Agnes's Jotul Oslo is about the closest stove I have seen to this one made today and seems to have similar features.


----------



## coog (Oct 9, 2008)

shaunbagone said:


> Ok im an idiot with a question. I have an open fireplace in my living room. House is 2 years old, well insulated. My wife likes the fireplace even though I keep telling her its worthless. Even if I put a small stove in the opening wouldnt I be sucking all the combustion air out of the house? Is the stove more efficient at producing heat even though its sucking air out of the house? I have a add on Daka in the attached garage tied into the house. It helps alot but cant keep up when its really cold, mostly because of the location. I need to make my open fireplace work for me instead of against me, keeping my wife happy. Suggestions?

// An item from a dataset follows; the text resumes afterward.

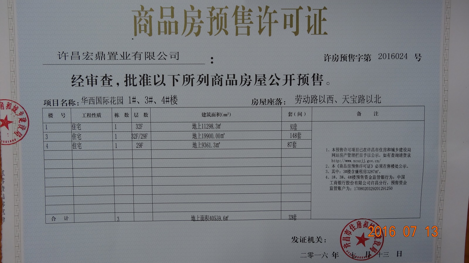 许房预售字第2016024号(许昌宏鼎置业有限公司)

I think it is a good question.With a proper install (insulated liner with the rest of the flu blocked) you will only lose the air that goes through the air intake...much better than the existing situation. In a real tight home you would be better served by an outside air kit, which can be tricky in a fireplace install.Check to see if you have a some sort of air intake for the fireplace.


----------



## coog (Oct 9, 2008)

*New Jotul*

Never fired Jotul 600. 80 degrees today, so I'll have to wait.


----------



## coog (Oct 9, 2008)

Good catch.The code is for 26" and I only have 23". The reason the stove is still unfired is that the installer is making up a insulated steel mantel protector. I have always put my own stoves in but decided to go with a pro this time.We'll see if it was worth it.


----------